Claudio Caligari fa un film ogni 15 anni. Crudele paradosso per uno dei registi pi dotati della sua generazione.

Ma è così. Amore tossico è del 1983. L'odore della notte del 1998. Due soli film che però ti spellano vivo. Amore tossico, la vita degli eroinomani a Ostia in tutto il suo fulgido orrore, fu una bomba ma vide la luce solo grazie a Marco Ferreri, che intuì subito il genio di Caligari (a proposito, chi si ricorda di Ferreri?). L'odore della notte, ispirato a un libro di Dido Sacchettoni (gloriosa firma del Messaggero) sulla banda dell'Arancia meccanica, che imperversava nella Roma anni 70, fu applaudito a Venezia e si difese in sala. Ma tutto finì lì.

Per questo, ora che di anni ne sono passati già 16, Valerio Mastandrea ha preso carta e penna e ha scritto a Martin Scorsese. Uno dei più grandi registi del mondo, legato a doppio filo al cinema italiano, ma soprattutto il nume tutelare di Caligari. Perché Scorsese, con il suo prestigio, si unisca a un'avventura necessaria. Produrre il nuovo film di Caligari. Titolo: Non essere cattivo. Ambientazione: Ostia, vent'anni dopo Amore tossico. Quando tutto è cambiato e la droga che circola sempre a fiumi non è più eroina, droga dei perdenti, ma cocaina. Che consente, scrive Caligari, di cogliere in tutta la loro potenza le trasformazioni finali, per non dire terminali, del mondo di Accattone.

«Caligari unisce i contenuti del primo Pasolini alla forma di certo cinema di genere americano», spiega Mastandrea, che dell'Odore della notte era il protagonista, poliziotto di giorno e rapinatore di notte. «Nessuno come lui sa trasformare in cinema-cinema storie vere senza sacrificare un grammo di verità». Come Scorsese, appunto. Ma senza la sua fortuna. «È che Claudio occupa una casella inesistente nel nostro cinema», dice Mastandrea. «Quella del cinema di genere contaminato da contenuti forti, disturbanti.

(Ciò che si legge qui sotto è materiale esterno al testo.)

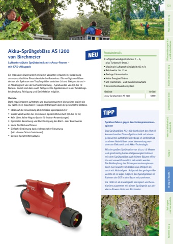 Ein modulares D%u00fcsensystem mit zehn Varianten erlaubt eine Anpassung an unterschiedliche Einsatzbereiche im Gartenbau. Die verf%u00fcgbaren D%u00fcsen decken ein Spektrum von Tropfengr%u00f6%u00dfen zwischen 30 und 500 %u00b5m ab und %u2013 in Abh%u00e4ngigkeit von der Luftunterst%u00fctzung %u2013 Spr%u00fchweiten von 0,5 bis 13 Metern. Damit sind dann auch fachgerechte Applikationen in der Sch%u00e4dlingsbek%u00e4mpfung, Reinigung und Desinfektion m%u00f6glich. VorteileDank regulierbarem Luftstrom und druckgesteuertem Vorspr%u00fchen erzielt die AS 1200 einen maximalen Fl%u00fcssigkeitstransport %u00fcber die gew%u00fcnschte Distanz.%u2022 Ideal auf die Anwendung abstimmbare Spr%u00fchparameter%u2022 Gro%u00dfe Spr%u00fchweiten bei minimalem Spr%u00fchmittelverlust (0,5 bis 13 m)%u2022 Kein L%u00e4rm, keine Abgase (auch f%u00fcr Indoor-Anwendungen)%u2022 Optimalen Benetzung und Durchdringung des Blatt- oder Buschwerks %u2022 Hohe Zielfl%u00e4cheneffizienz%u2022 Einfache Bedienung dank elektronischer Steuerung (inkl. diverse Schutzfunktionen)%u2022 Bessere Spr%u00fchmittelnutzungAkku-Spr%u00fchgebl%u00e4se AS 1200 von BirchmeierLuftunterst%u00fctzte Spr%u00fchtechnik mit %u00abAccu-Power%u00bb - mit CAS-AkkupackProduktdetails%u2022 Luftgeschwindigkeitsstufen: 1 %u2013 5, plus Turbostufe (max.)%u2022 Maximale Luftgeschwindigkeit: 65 m/s%u2022 Reichweite: bis 13 m%u2022 Geringe L%u00e4rmemission%u2022 Hohe Energieeffizienz%u2022 Mit Flachstrahl- und Rundstrahlaufsatz%u2022 D%u00fcsenschnellwechselsystemGebinde ArtikelAkku-Spr%u00fchgebl%u00e4se AS 1200 5950TIPPSpr%u00fchverfahren gegen den EichenprozessionsspinnerDas Spr%u00fchgebl%u00e4se AS 1200 kombiniert den Vorteil konventioneller D%u00fcsen-Spr%u00fchtechnik mit einem gesteuerten Luftstrom; allerdings im Unterschied zu einem Nebelbl%u00e4ser unter Verwendung modernster Elektronik und Akku-Technologie.Mit der gro%u00dfen Spr%u00fchweite von bis zu 13 Metern und gleichzeitig hohen Zielgenauigkeit k%u00f6nnen mit dem Spr%u00fchgebl%u00e4se auch h%u00f6here B%u00e4ume effektiv und umweltfreundlich behandelt werden.Die Bek%u00e4mpfung des Eichenprozessionsspinners kann nun sowohl vom Boden aus erfolgen als auch mit Hubsteigern. Aufgrund des geringen Gewichts ist es sogar m%u00f6glich, das Spr%u00fchgebl%u00e4se im Rahmen der SKT in den Baum mitzunehmen.AS 1200 ist als Zusatzger%u00e4t konzipiert und funktioniert zusammen mit einem Spr%u00fchger%u00e4t aus der %u00abAccu-Power%u00bb Linie von Birchmeier. NEU131 Pflanzenern%u00e4hrung Pflanzenst%u00e4rkungsmittel und Biostimulanzien Krankheitsbek%u00e4mpfung Sch%u00e4dlingskontrolle Netz- und Haftmittel/ Zusatzstoffe Saatgut Mauerbienen Reiniger/ Zubeh%u00f6r Stallhygiene und Vorratsschutz Keimhemmung

Da noi quella casella è murata». Difatti in questi anni Caligari ha messo in cantiere molti progetti, tutti conficcati negli strati più melmosi del nostro paese, ma tutti rimasti al palo.

L'hinterland milanese colonizzato dalla malavita, molto prima che la faccenda esplodesse (Anni rapaci). L'Italia raccontata dai rapinatori dietro le sbarre (da un libro-inchiesta di Emilio Quadrelli, Andare ai resti ). Il mondo delle lolite minorenni, ben prima che finisse in prima pagina (anche qui si partiva dal libro di un'inviata del Messaggero, Marida Lombardo Pijola: Ho dodici anni, faccio la cubista, mi chiamano principessa).

In un cinema più coraggioso, o almeno più libero e diversificato, Caligari non sarebbe un regista maledetto. Ma non è mai troppo tardi. Raicinema ha già promesso il suo sostegno. «Faremo crowdfunding, cercheremo una coproduzione internazionale», dice Mastandrea. Non essere cattivo si deve fare. A tutti i costi.